• **Exercise requirements**
Leaving the pictures aside, return all of the data below exactly.

Dataset entries
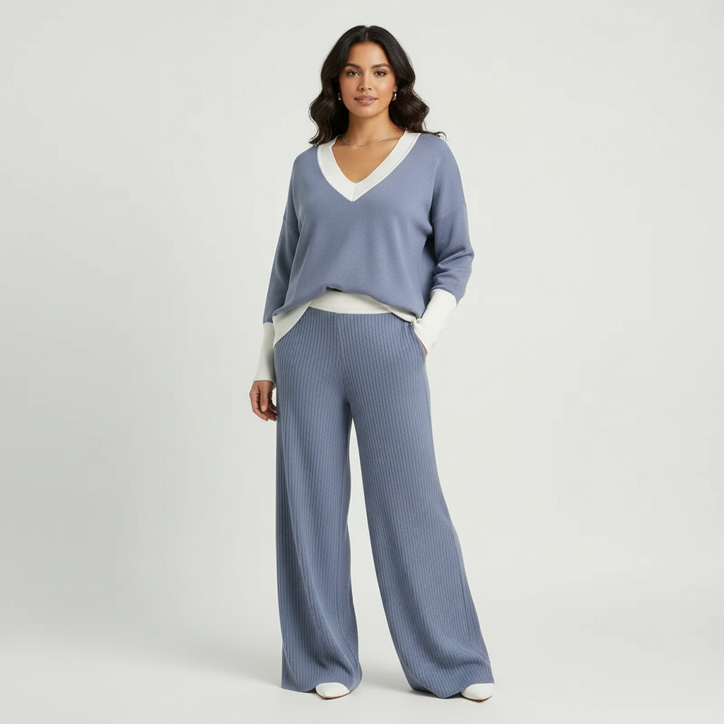 Zachte luxe die met elke stap meebeweegt. Deze twee-stuks set combineert warmte met een luchtige elegantie, terwijl de vloeiende snit en brede pijp zacht en flatterend vallen. Ideaal om te ontspannen thuis maar ook chic op straat.
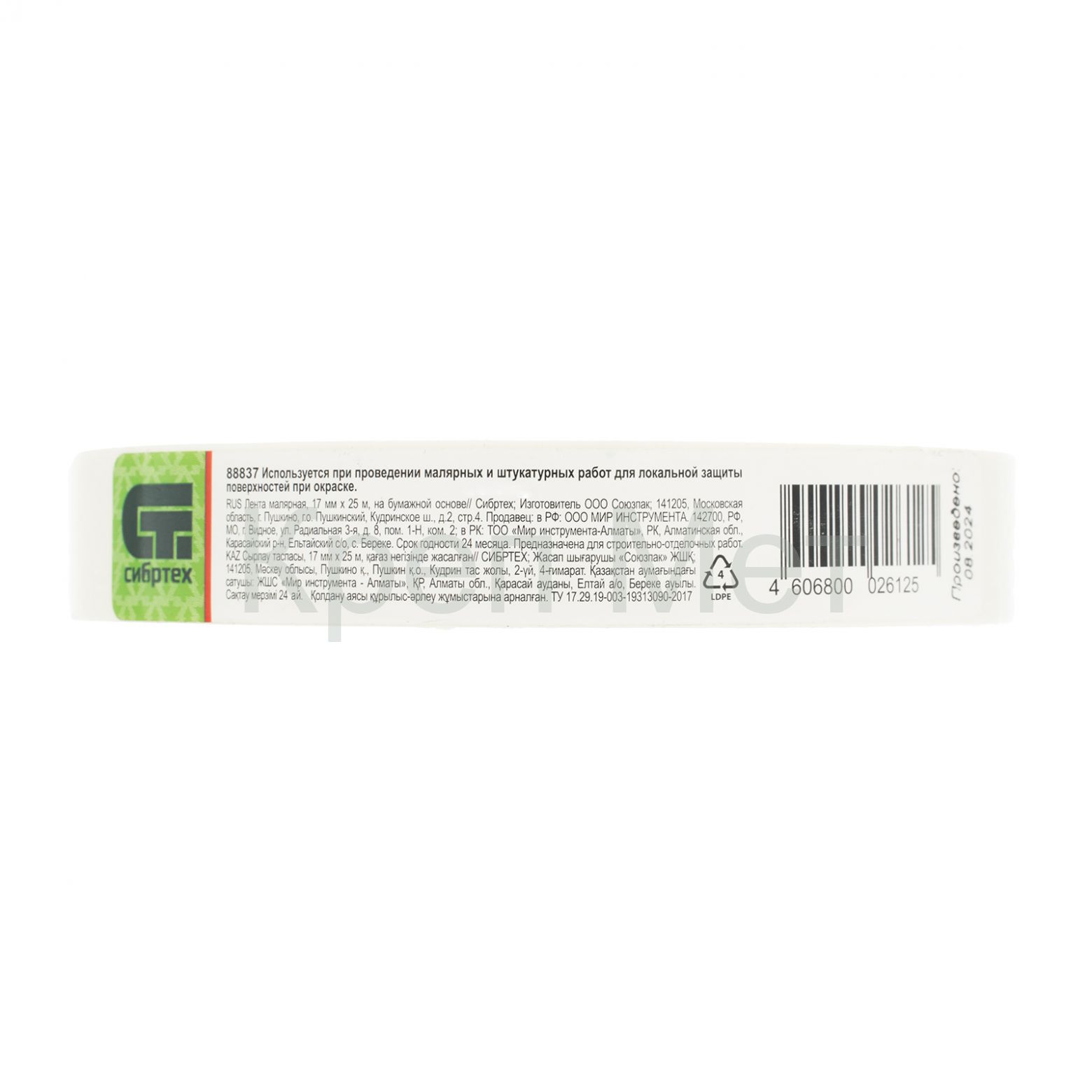 - Лента малярная, 17 мм х 25 м, на бумажной основе Сибртех
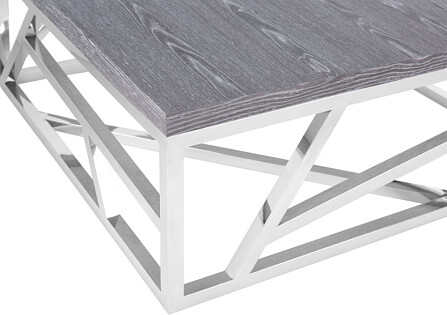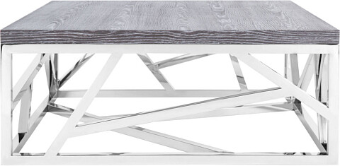 Журнальный столик квадратный серый с фигурным основанием хром Geometric
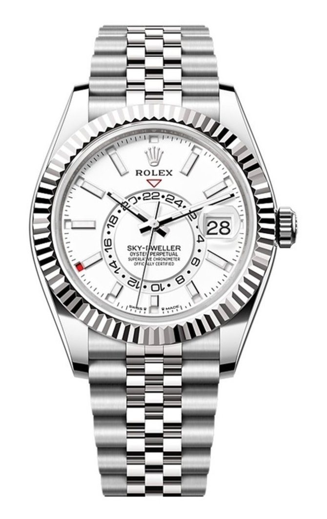 Часовая марка Rolex в 2023 году представила швейцарские мужские наручные часы Sky-Dweller 42 mm Steel and White Gold 336934-0004 в круглом комбинированном 42-миллиметровом корпусе из белого золота и нержавеющей стали с герметичностью на 100 метров. Мануфактурный автоматический механизм 9002 от Rolex имеет сертификат хронометрической точности хода, запас хода на 72 часа работы, индикатор даты, месяца и стрелки для индикации текущего времени. Также часы оснащены функцией второго времени. Над индикатором даты размещена циклопная линза Rolex, увеличивающая показания. Часовые метки и стрелки покрыты люминесцентным составом, что светится в темноте. Защитное стекло изготовлено из сапфирового кристалла и покрыто антибликовым составом. Безель вращающегося типа. Комбинированный браслет из белого золота и нержавеющей стали дополнен раскладной застежкой.
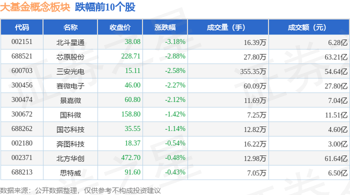 从资金流向上来看,当日大基金概念板块主力资金净流入25.82亿元,游资资金净流出11.49亿元,散户资金净流出14.32亿元。大基金概念板块个股资金流向见下表:
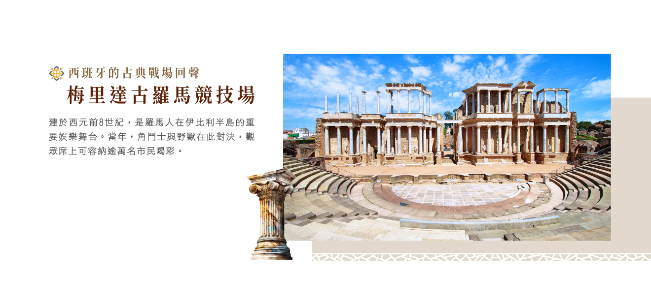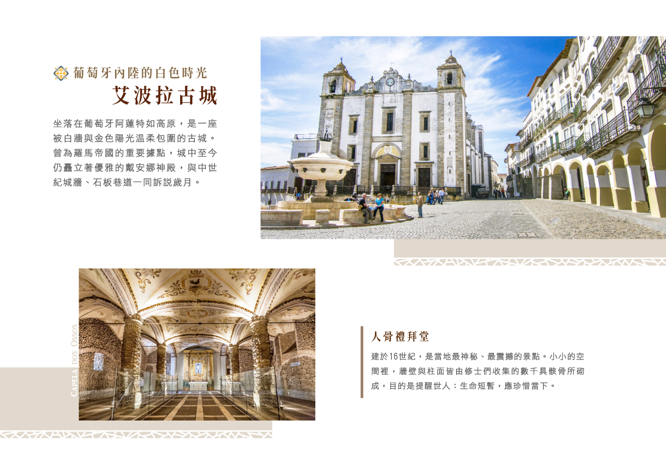 別具鄉村風情的阿蓮特如省■艾波拉古城,羅馬時期建城,之後被西哥特人、阿拉伯人及西班牙人佔領,十六世紀時,此城更以其貴族及大學生的活動,成為南葡萄牙的文藝復興重鎮,古城內的戴安娜神殿是敬仰歷代帝王的地方,其後也曾成為刑場,參觀世界上難得一見,以五千具人骨作為穹窿頂裝飾的★人骨禮拜堂,嚐試體會天主教的黑色幽默及人類另一種面對死亡的方式;續悠遊於大教堂廣場及幽靜的巷弄間,阿蓮特如獨有的湛藍天空搭配著舊城區的白色建築,宛若穿越時光回到了中世紀風情。午後越過邊境,進入西班牙境內,前往素有小羅馬之稱的■梅里達,古羅馬帝國時期成為富庶之都,今亦成為通往葡萄牙之要道,在瓜地安那河畔同時欣賞兩千年前壯麗不朽的羅馬古橋及現代建築師Santiago Calatrava設計的前衛鋼纜吊橋;古城內羅馬時期的黛安娜神殿及★古羅馬競技場及半圓露天劇場,經歷了風霜依然矗立、充滿殖民地風格的西班牙廣場更娓娓道出那段開發新大陸的歷史!

• **Task solution**
 Zachte luxe die met elke stap meebeweegt. Deze twee-stuks set combineert warmte met een luchtige elegantie, terwijl de vloeiende snit en brede pijp zacht en flatterend vallen. Ideaal om te ontspannen thuis maar ook chic op straat.
 - Лента малярная, 17 мм х 25 м, на бумажной основе Сибртех
 Журнальный столик квадратный серый с фигурным основанием хром Geometric
 Часовая марка Rolex в 2023 году представила швейцарские мужские наручные часы Sky-Dweller 42 mm Steel and White Gold 336934-0004 в круглом комбинированном 42-миллиметровом корпусе из белого золота и нержавеющей стали с герметичностью на 100 метров. Мануфактурный автоматический механизм 9002 от Rolex имеет сертификат хронометрической точности хода, запас хода на 72 часа работы, индикатор даты, месяца и стрелки для индикации текущего времени. Также часы оснащены функцией второго времени. Над индикатором даты размещена циклопная линза Rolex, увеличивающая показания. Часовые метки и стрелки покрыты люминесцентным составом, что светится в темноте. Защитное стекло изготовлено из сапфирового кристалла и покрыто антибликовым составом. Безель вращающегося типа. Комбинированный браслет из белого золота и нержавеющей стали дополнен раскладной застежкой.
 从资金流向上来看,当日大基金概念板块主力资金净流入25.82亿元,游资资金净流出11.49亿元,散户资金净流出14.32亿元。大基金概念板块个股资金流向见下表:
 別具鄉村風情的阿蓮特如省■艾波拉古城,羅馬時期建城,之後被西哥特人、阿拉伯人及西班牙人佔領,十六世紀時,此城更以其貴族及大學生的活動,成為南葡萄牙的文藝復興重鎮,古城內的戴安娜神殿是敬仰歷代帝王的地方,其後也曾成為刑場,參觀世界上難得一見,以五千具人骨作為穹窿頂裝飾的★人骨禮拜堂,嚐試體會天主教的黑色幽默及人類另一種面對死亡的方式;續悠遊於大教堂廣場及幽靜的巷弄間,阿蓮特如獨有的湛藍天空搭配著舊城區的白色建築,宛若穿越時光回到了中世紀風情。午後越過邊境,進入西班牙境內,前往素有小羅馬之稱的■梅里達,古羅馬帝國時期成為富庶之都,今亦成為通往葡萄牙之要道,在瓜地安那河畔同時欣賞兩千年前壯麗不朽的羅馬古橋及現代建築師Santiago Calatrava設計的前衛鋼纜吊橋;古城內羅馬時期的黛安娜神殿及★古羅馬競技場及半圓露天劇場,經歷了風霜依然矗立、充滿殖民地風格的西班牙廣場更娓娓道出那段開發新大陸的歷史!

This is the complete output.